Posted on: December 1st, 2011 by Peter Choma

Key person insurance helps protect the company in the event of a death of a key stakeholder.

As a business owner, you may depend on a number of key people for the successful function of your business. Many businesses have been built around the strengths and skills of a few individuals whose knowledge, or experience makes them a valuable asset to the business.

Key person insurance can help protect the value of your company and help keep the company running in the event of a death of a key stakeholder in the company. Replacing the knowledge of a vital employee can take time and money and can jeopardize the continuation of the business.

A key person life insurance policy can offer the following benefits:

  • Help heirs of the estate to meet tax obligations without effecting the operation of the business.
  • It insures creditors do not call loans and customers will have knowledge that the business will operate as usual.
  • Helps reduce the financial impact of the death of a key person by covering the expense of finding and training a replacement.

How Key Person Insurance works

The employer would be the owner and beneficiary of the policy.
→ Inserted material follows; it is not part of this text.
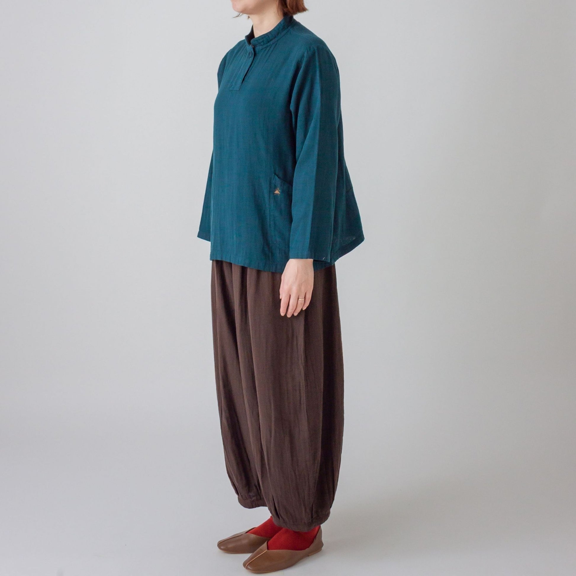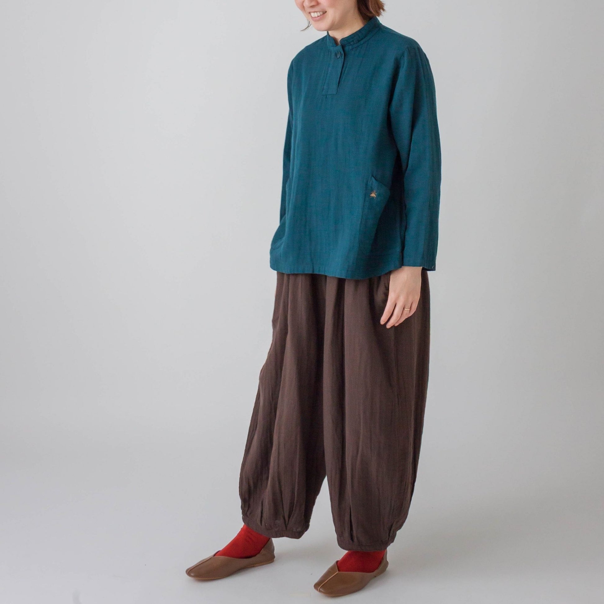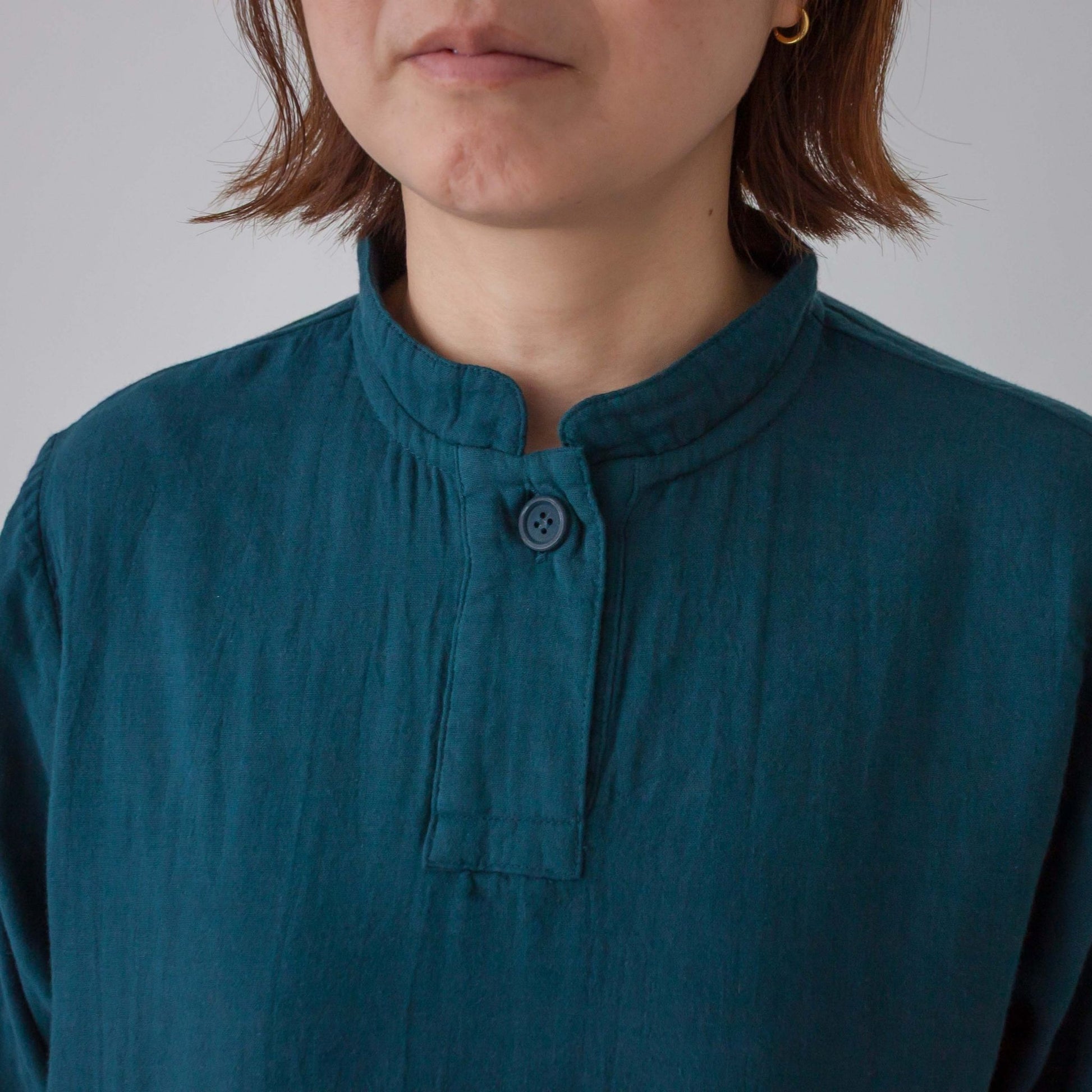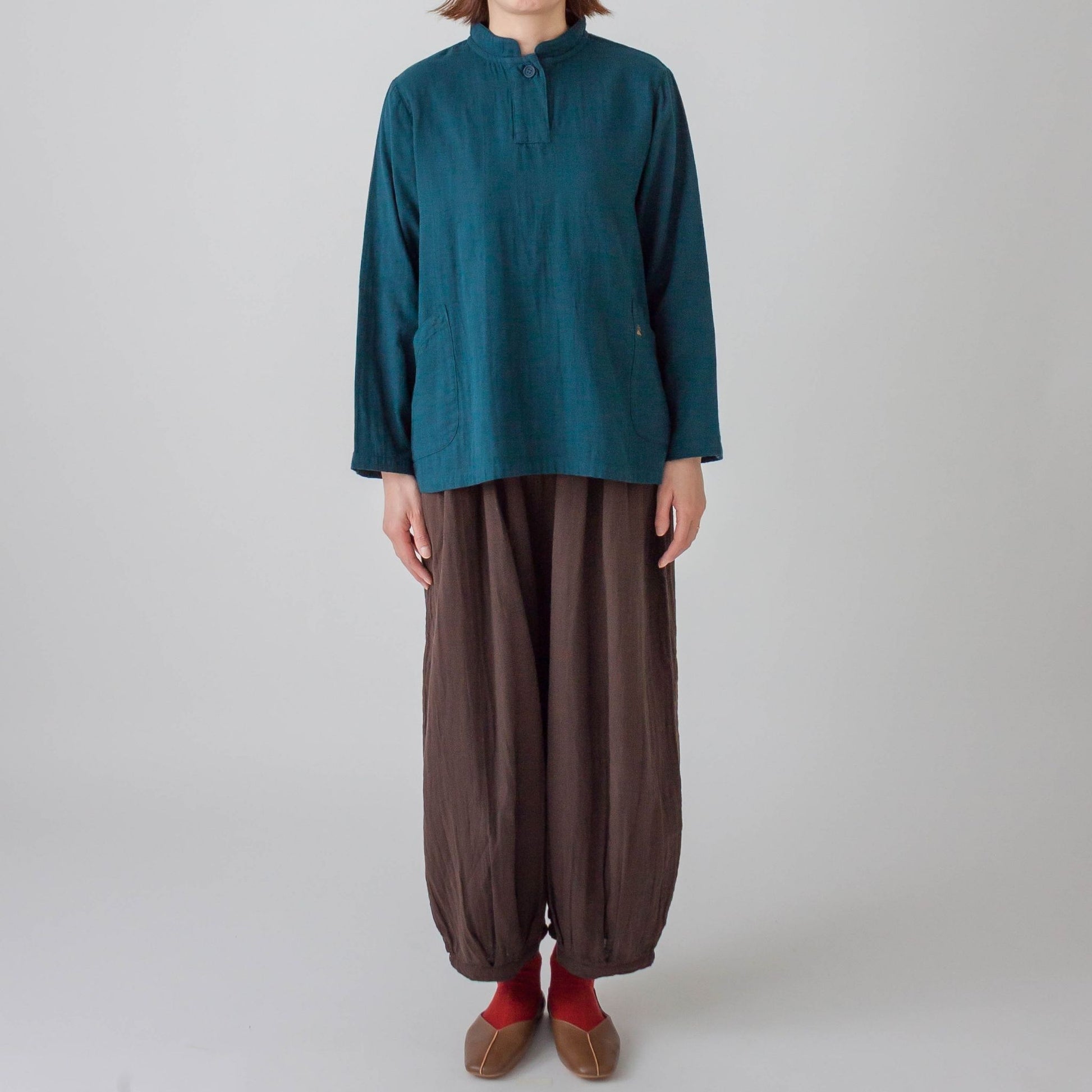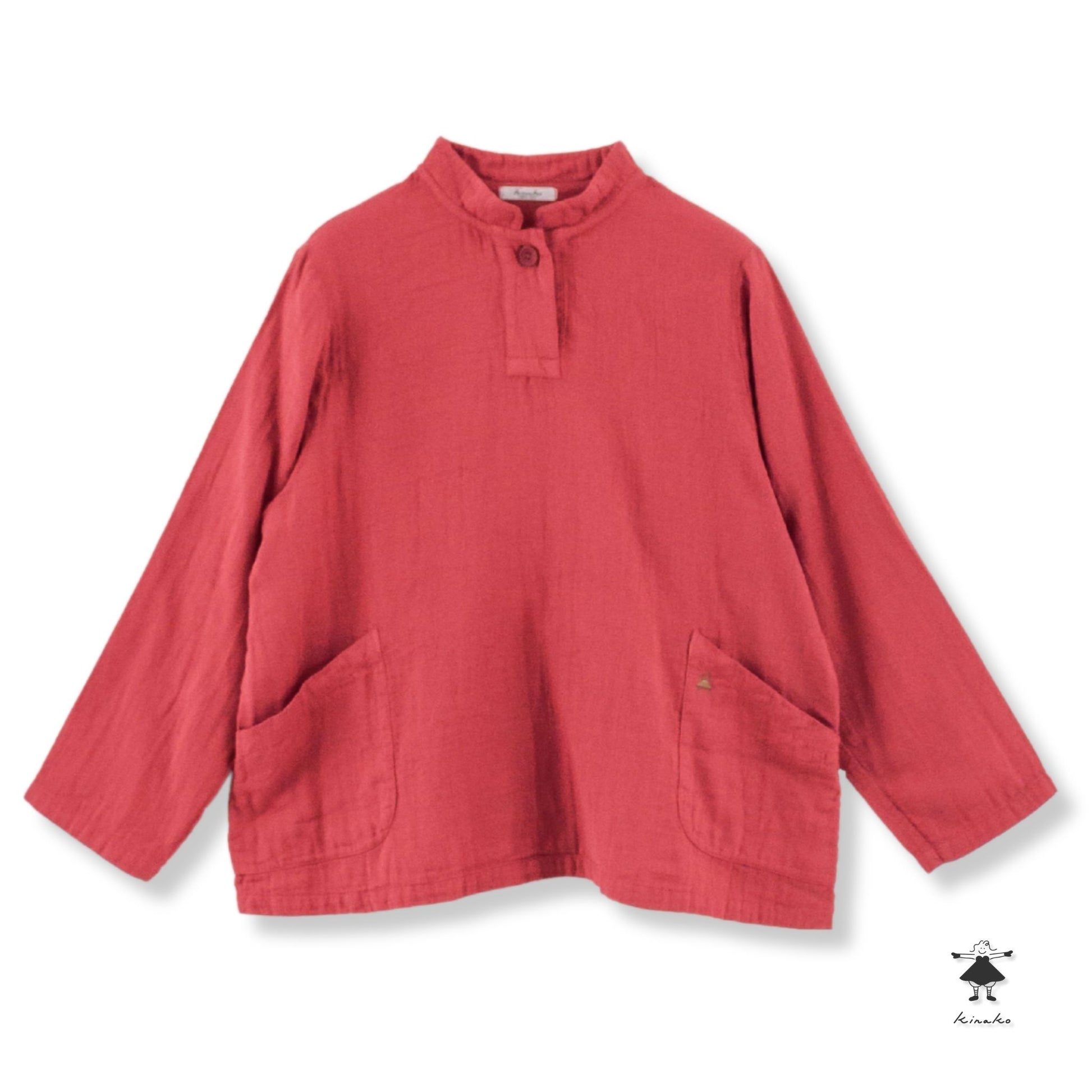 少し立ち上がった衿と大きめのボタンが特徴のプルオーバーです。合わせやすい着丈で色々なシルエットのボトムスとコーディネイトして頂けます。左ポケット部分にきなこちゃん刺しゅう有り。

The key employee would be the life insured, but would receive no benefit from the existence of the policy.

Example: John is the owner of a Stereo shop that employs 5 full-time employees. John relies heavily on Margaret, his store manager, who looks after the day-to-day operations of the business while he is looking for new products to sell in the store. Margaret dies suddenly by a tragic accident. This would have an impact on the company and cause a huge financial blow.

The “key person” life insurance policy that John purchased on Margaret’s life provides the company with a tax free lump-sum payment, enabling John to overcome what might have been a deadly blow to his business. The insurance provides immediate cash to cope with reduced profitability, resulting from the death of his manager.